Statistic of the week: 96 percent of Minneapolis residents are satisfied with city services.
Someone in government might find this alarming and ask: Is there a way to find out the identity of the 4 percent and send around the Sidewalk Crack Inspector? But that's how it would work in a corrupt and unsatisfying city, which we are not.
Still, 96 percent? People, come on. You've heard the phrase, "The squeaky wheel gets the grease?"
You say, "Yes, and when I notified the city that the Sidewalk Crack Inspector's car had a squeaky brake, they fixed it right away."
Fine. That's not my point. "And that crack really was dangerous. People were tripping. I'm glad he pointed it out." I understand. Please stop talking. You're fictional. "It was made from sustainably recycled cooking grease." SHUT UP.

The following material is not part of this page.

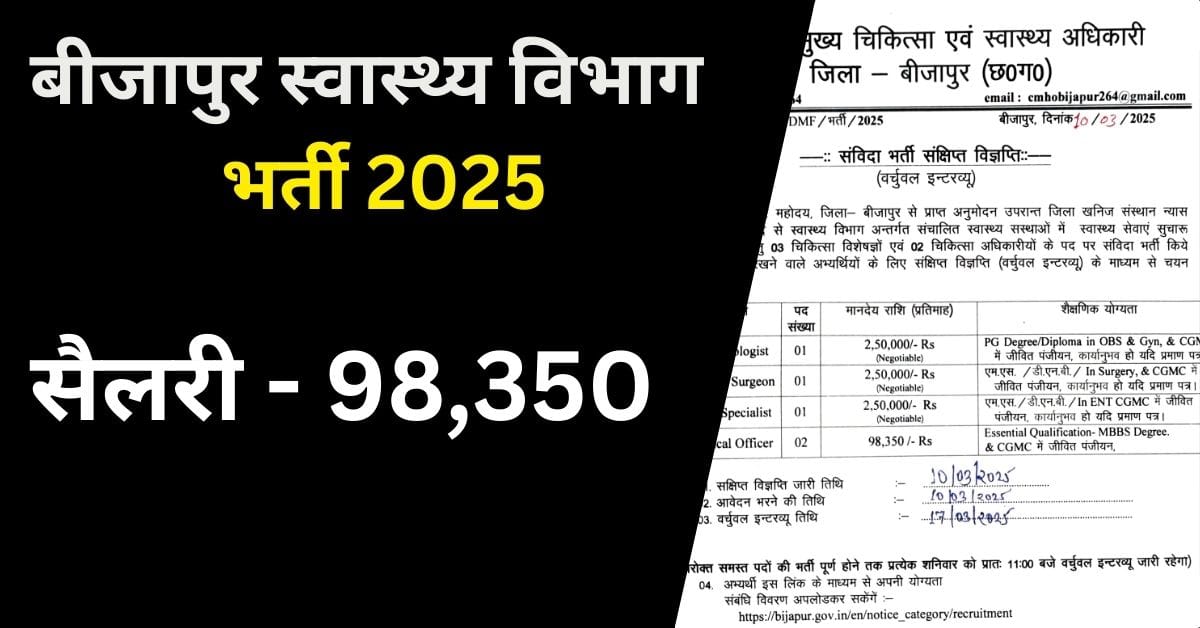 Bijapur CMHO Health Vibhag Vacancy 2025: बीजापुर स्वास्थ्य विभाग में चिकित्सा विशेषज्ञ और चिकित्सा अधिकारियों के पदों पर भर्ती 2025

I've plowed through the survey, conducted for the city by the National Research Center, and it's fascinating reading. Some details:
Housing: 6 percent of Minneapolitans believe their house is "too big." This is not defined — could mean "dog gets lost indoors for weeks at a time" or "did Atkins, lost weight, place looks huge now." The number jumps to 14 percent for Calhoun-Isles. BREAKING: Scientists, using nanotechnology, have made a violin three microns wide that plays a sad tune for people who live in Calhoun-Isles who think their house is too big.
Taxes: "Half of residents agreed that property taxes or fees should be increased to maintain or improve City services. About twice as many respondents 'strongly' disagreed than 'strongly' agreed with this proposal."